Une histoire de gélatine

La photographie argentique se base sur les recherches de Richard Leach Maddox, un physicien et photographe anglais, qui a inventé, en 1871, la photographie au « gélatino-bromure d’argent ». Cette invention a révolutionné la photographie en permettant son industrialisation à grande échelle et la réduction de ses coûts. Seulement, comme son nom l’indique, cette méthode utilise de la gélatine, un gélifiant d’origine animal, généralement produit à partir de la peau, ou des os, des porcs, et des bovins.

Plan de coupe d’une pellicule argentique
Source : apprendre-la-photo.fr

Pratique et peu cher l’utilisation de gélatine a été pendant très longtemps un énorme atout pour la photographie argentique. Mais aujourd’hui, cette gélatine est devenue une problématique pour toutes les personnes qui souhaitent proscrire l’utilisation de produits contenant des éléments d’origine animale.

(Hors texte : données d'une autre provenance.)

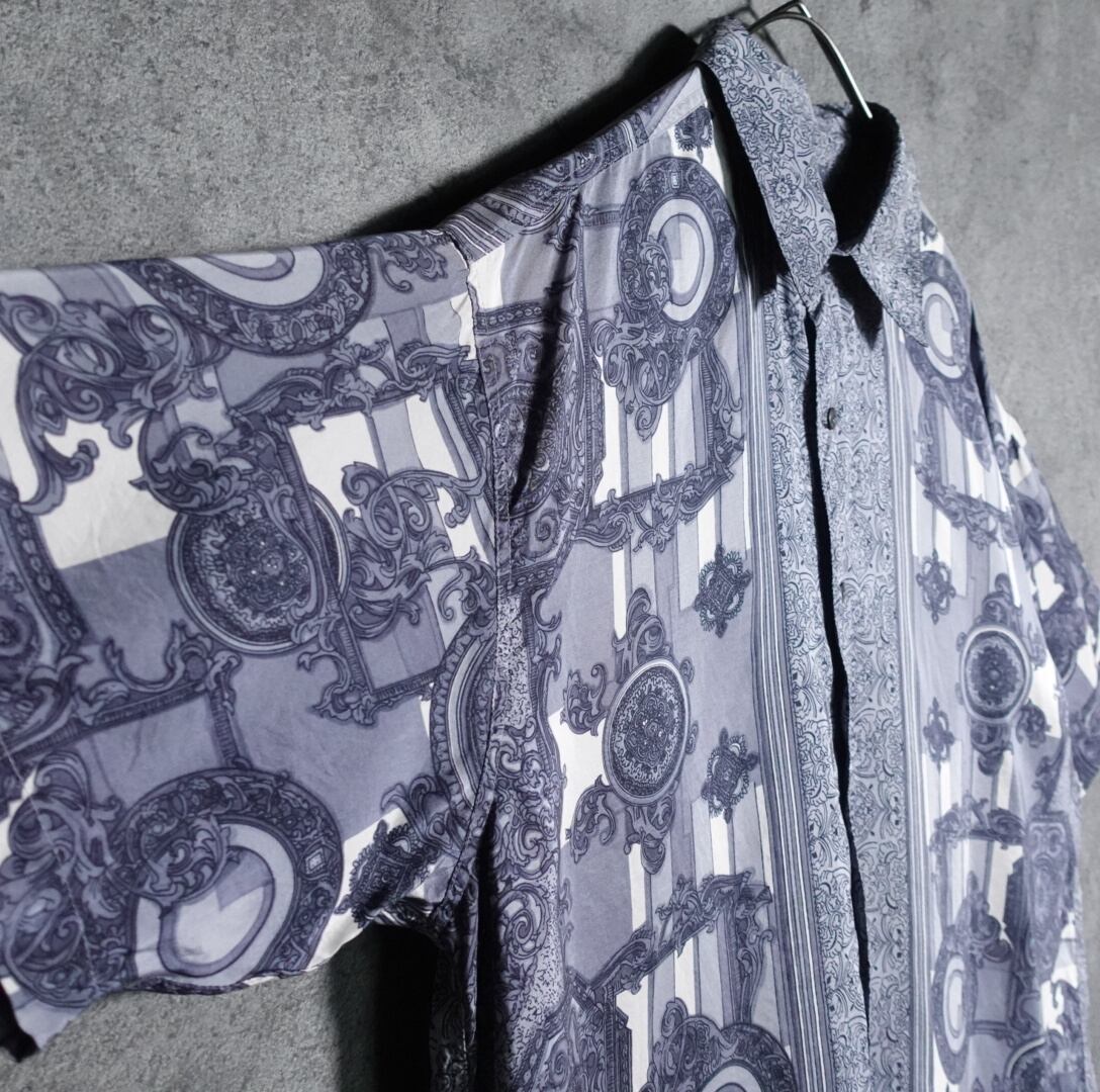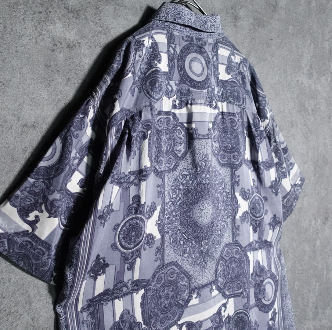 グレーのレトロな雰囲気が漂うスカーフ柄を全面にあしらったラグジュアリーなデザイン。

Jamais mentionnée sur les produits comme si personne ne voulait l’avouer, cette information est rarement connue des amateurs de photographie. Mais la gélatine animale est en fait présente dans bon nombre de produits. Pellicules argentiques, films instantanés ou même papier photo, tous les consommables nécessitant la présence d’une couche de réactif en contiennent. De cette façon, aujourd’hui encore, une pellicule argentique contient entre 0.2 et 0.5g de gélatine.

Les gélifiants d’origine végétale

Selon les explications données par Ilford, l’un des leaders du marché des consommables argentiques, des tests ont déjà été effectués dans le but de remplacer la gélatine animale par d’autres gélifiants d’origine végétale, ou par des polymères synthétiques. Seulement, à l’heure actuelle, aucun d’entre eux ne permettrait d’avoir un résultat suffisamment probant pour permettre son utilisation à l’échelle industrielle.

D’après les informations fournies, la gélatine animale a des caractéristiques uniques. Elle permet non seulement d’emprisonner les cristaux sensibles à la lumière sur le support, mais elle réagit également avec ces cristaux, et participe activement à améliorer les qualités photosensibles des différents produits. En utilisant d’autres gélifiants, les pellicules seraient plus fragiles, moins sensibles à la lumière, et plus difficiles à conserver.

Bien que les fabricants de produits argentiques soient une goutte d’eau dans l’utilisation de produits d’origine animale, et que la gélatine soit issue des restes de l’industrie de la viande. Pour le moment, la photographie argentique et les appareils instantanés ne sont donc pas compatibles avec des attentes végan.

Faire de la photographie argentique végan ?

Finalement, la seule solution accessible pour le grand public serait certainement que les marques tentent de placer sur le marcher de nouveaux produits, potentiellement imparfaits, mais plus respectueux de ce qui nous entoure. Une photographie n’est qu’un point de vue sur le monde, proposer un produit avec la promesse d’obtenir un résultat incertain, un peu à la manière d’une pellicule périmée, pourrait créer des envies et des images jamais vues jusqu’alors.

Autrement, à l’heure actuelle, la seule manière de faire de la photographie argentique de manière végan est de revenir aux méthodes photographiques présentes avant l’arrivée de la gélatine. On parlera notamment du collodion humide, où le collodion y joue le rôle de liant.

Préparation d’une plaque au collodion humide
Source : Wikimedia

Mais cette méthode, encore utilisée par quelques passionnés, nécessite tout de même d’avoir un laboratoire à disposition pour préparer les supports photosensibles, et d’une chambre photographique pour les exposer. Adieu donc aux appareils compacts et facilement transportables.